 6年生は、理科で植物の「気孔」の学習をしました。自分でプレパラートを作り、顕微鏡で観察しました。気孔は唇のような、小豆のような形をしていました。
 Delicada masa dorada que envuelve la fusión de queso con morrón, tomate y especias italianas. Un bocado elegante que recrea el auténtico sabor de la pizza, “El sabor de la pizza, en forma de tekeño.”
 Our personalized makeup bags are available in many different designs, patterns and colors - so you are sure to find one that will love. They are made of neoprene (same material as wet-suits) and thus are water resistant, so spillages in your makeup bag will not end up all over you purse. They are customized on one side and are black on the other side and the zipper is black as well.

########################################

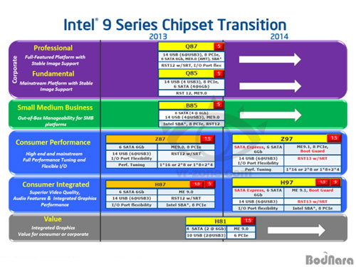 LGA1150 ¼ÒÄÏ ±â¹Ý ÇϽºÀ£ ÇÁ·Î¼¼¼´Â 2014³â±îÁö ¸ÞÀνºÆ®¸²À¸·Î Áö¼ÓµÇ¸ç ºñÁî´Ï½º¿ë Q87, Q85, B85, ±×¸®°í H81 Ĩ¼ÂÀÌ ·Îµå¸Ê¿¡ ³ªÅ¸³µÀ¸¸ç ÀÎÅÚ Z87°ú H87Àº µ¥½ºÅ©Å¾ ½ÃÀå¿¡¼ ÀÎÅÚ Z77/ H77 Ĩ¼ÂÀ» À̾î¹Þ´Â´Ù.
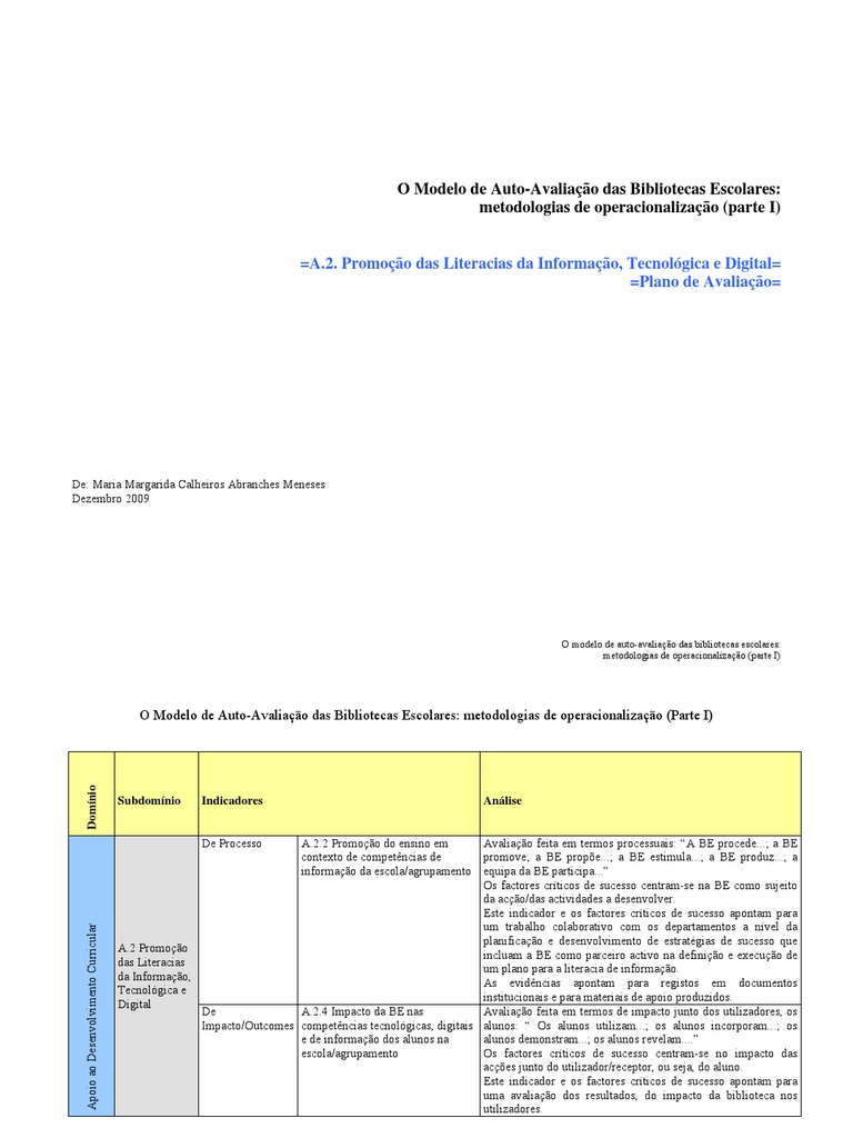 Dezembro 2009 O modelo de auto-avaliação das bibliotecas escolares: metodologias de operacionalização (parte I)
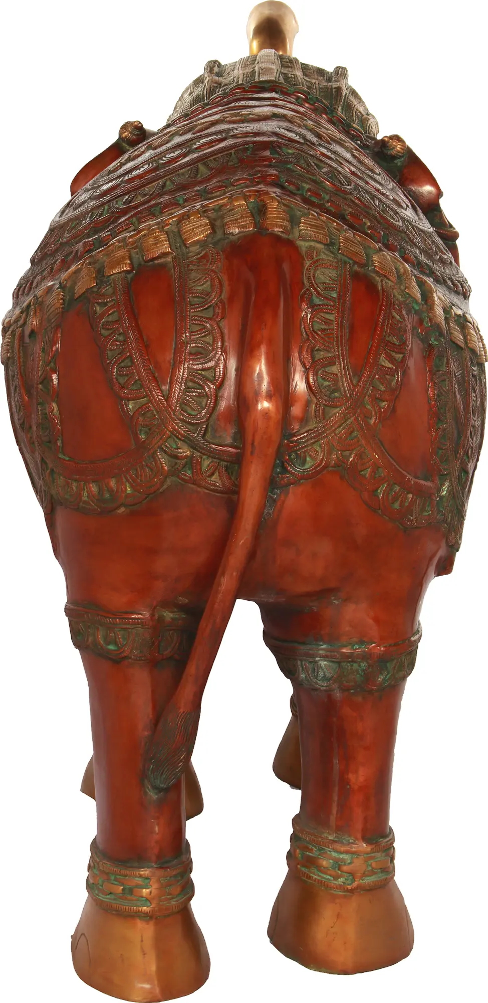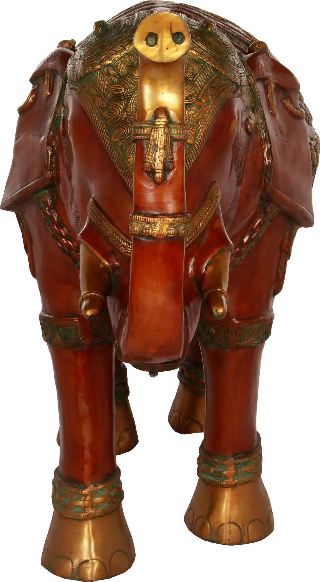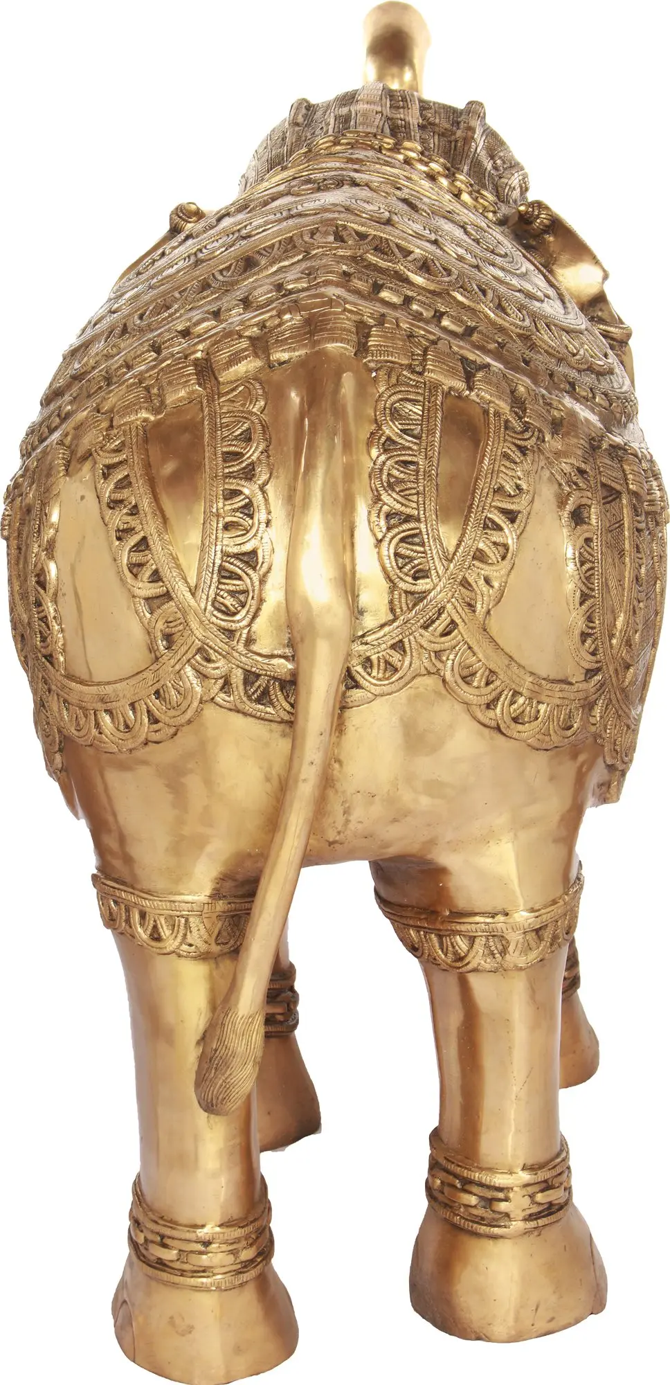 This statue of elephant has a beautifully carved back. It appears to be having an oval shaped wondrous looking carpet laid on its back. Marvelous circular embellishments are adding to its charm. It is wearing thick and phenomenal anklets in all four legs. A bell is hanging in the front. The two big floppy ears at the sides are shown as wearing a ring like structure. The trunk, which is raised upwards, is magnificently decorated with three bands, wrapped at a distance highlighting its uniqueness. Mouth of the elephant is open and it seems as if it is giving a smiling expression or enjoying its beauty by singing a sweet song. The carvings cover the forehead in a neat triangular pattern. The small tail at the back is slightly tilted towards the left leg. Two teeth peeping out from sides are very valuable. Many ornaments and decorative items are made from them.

########################################

Restate word for word the lines in the material above from the one with "6年生は、理科で植物の「気孔" to the one with "Delicada masa dorada"; both of those lines count, and nothing else does.

Exercise output:
 6年生は、理科で植物の「気孔」の学習をしました。自分でプレパラートを作り、顕微鏡で観察しました。気孔は唇のような、小豆のような形をしていました。
 Delicada masa dorada que envuelve la fusión de queso con morrón, tomate y especias italianas. Un bocado elegante que recrea el auténtico sabor de la pizza, “El sabor de la pizza, en forma de tekeño.”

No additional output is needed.